Syrian Forces Attack Rebel Stronghold Near Palace

Source: New York Times

A large armored contingent of Syria’s elite Republican Guard stormed a western Damascus suburb near the presidential palace on Friday, residents and antigovernment activists said, bringing intense combat with insurgents unusually close to the doorstep of the embattled Syrian leadership.

Abu Mohammed, the Qudsaya resident, said that three months ago the president had sent senior Republican Guard officers to negotiate with the people of Qudsaya and Hameh, a neighboring area where fighting also flared on Friday. He said an agreement had been reached that neither security forces nor insurgents would enter the area.

“The agreement was good for both sides; there was no arresting, no killing and no shabiha,” he said, referring to pro-government militias.
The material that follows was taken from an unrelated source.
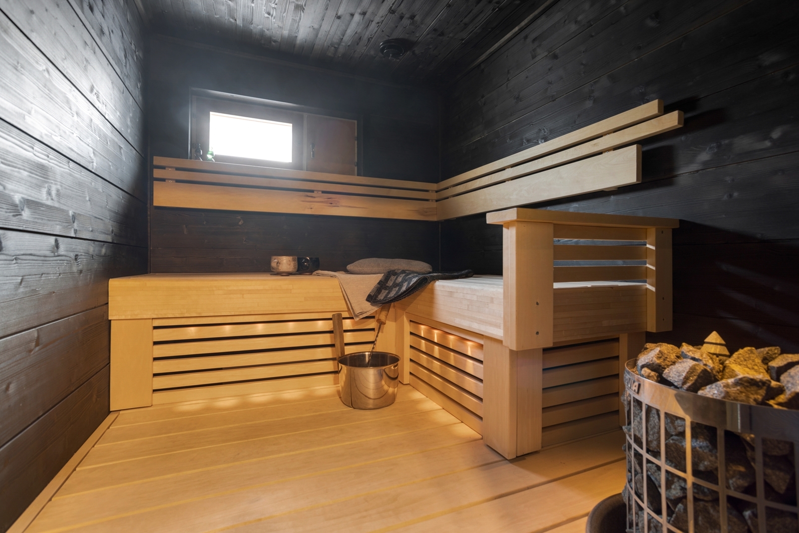 Saunassa seinät paneelia, ikkuna ulos.

But recently, he said, shabiha from the president’s Alawite minority had violated the truce by killing three young men and attacking women, so residents sought protection from rebels, who began attacking government checkpoints. The government has shelled the area since Tuesday, according to residents and video posted by activists.

Antigovernment activists reported that security forces, led by 4,000 Republican Guard forces, stormed the Qudsaya area with artillery and tanks.

Read more: http://www.nytimes.com/2012/10/06/world/middleeast/syria.html?pagewanted=all



The fighting detailed here is in the Damascus area in the south. The article also cites continued shelling and bombing of Homs in the center of Syria. And, of course, there is heavy fighting in Aleppo in the the north and further east near the border with Turkey.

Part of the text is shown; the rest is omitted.